A new study has found that men continue to dominate the nursing sector, just like any other industry, as far as higher salaries are concerned.
According to the researchers, women dominate the field as far as their representation is considered, but men in the same profession earn handsome salaries.
Nine out of ten nurses are women, researchers said. But men in the field earn higher than women and the salary gap between the two has continued to remain constant over the past quarter century.
The study found that the typical salary gap between the two sex has consistently been nearly USD 5,000 even after adjusting for several key factors like education, experience, work hours, marital and parental status and clinical specialty.

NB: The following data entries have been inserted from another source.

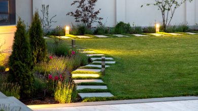 In this garden, solar fixtures line the paths and highlight the lush foliage, demonstrating how outdoor lighting can accentuate nature’s beauty. It’s an illustration of lighting ideas for backyards where functionality meets aesthetics. Here, lights not only guide your steps but also showcase the garden’s nighttime allure, turning a simple dinner outdoors into an enchanting experience.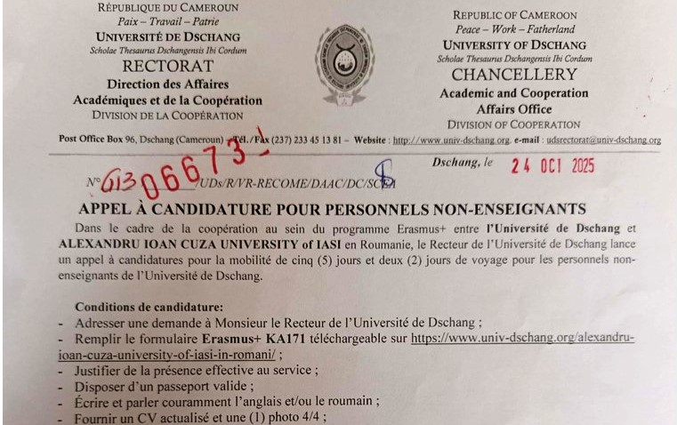 Call for application for teaching staff Within the cooperation framework inside the ERASMUS+ Programme between the University of Dschang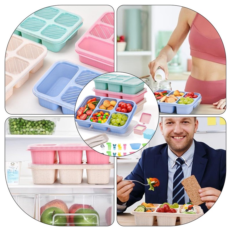 - 5-Compartment Snack Box: These food storage containers feature a 5-compartment design, providing ample space to separate main dishes, snacks, and fruits according to your dietary plan. They offer a healthy and balanced diet while preventing food flavors from mingling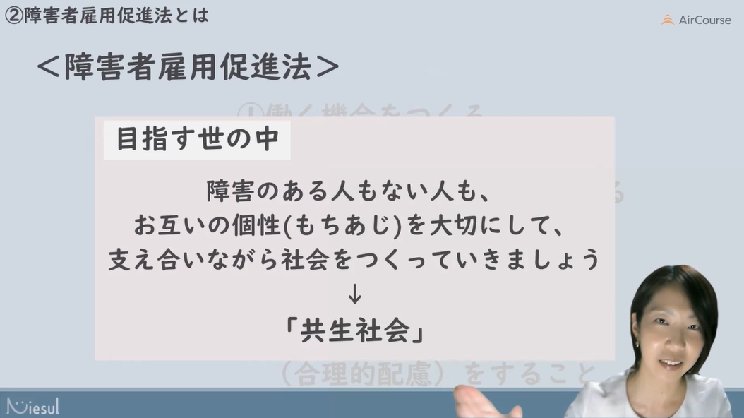 ・障害者雇用促進法とはどのような法律か理解する ・障がいの種類と特徴、障がい者に対する職場で起こりやすいハラスメントを理解する ・職場で必要とされる配慮や対応を考え、安心して働ける環境を整えられるようになる

Ulrike Muench, lead study investigator from the University of California in San Francisco, said, “Nursing is the largest female dominated profession so you would think that if any profession could have women achieve equal pay, it would be nursing.”
For the study, the researchers collected two large US data sets, namely the National Sample Survey of Registered Nurses and the American Community Survey, and examined the earnings of the participants over time.
The responses from about 88,000 participants were provided by the National Sample Survey of Registered Nurses for the period between 1988 and 2008. On the other hand, the American Community Survey provided responses from roughly 206,000 registered nurses between 2001 and 2013.
Each data sets realized that men earned more than women every year. Their unadjusted pay gap also ranged between USD 10,243 to USD 11,306 in one of the survey, while between USD 9,163 to USD 9,961 in the other study.
There existed a pay gap of USD 3,783 for hospital nurses and USD 7,678, for nurses in outpatient department.
The study found men out-earning women in every specialty, excluding orthopedics, where the pay gap was ranging from USD 3,792 in the chronic care to USD 17,290 for the nurse anesthetists.
The findings of the study were published in the journal of the American Medical Association, JAMA.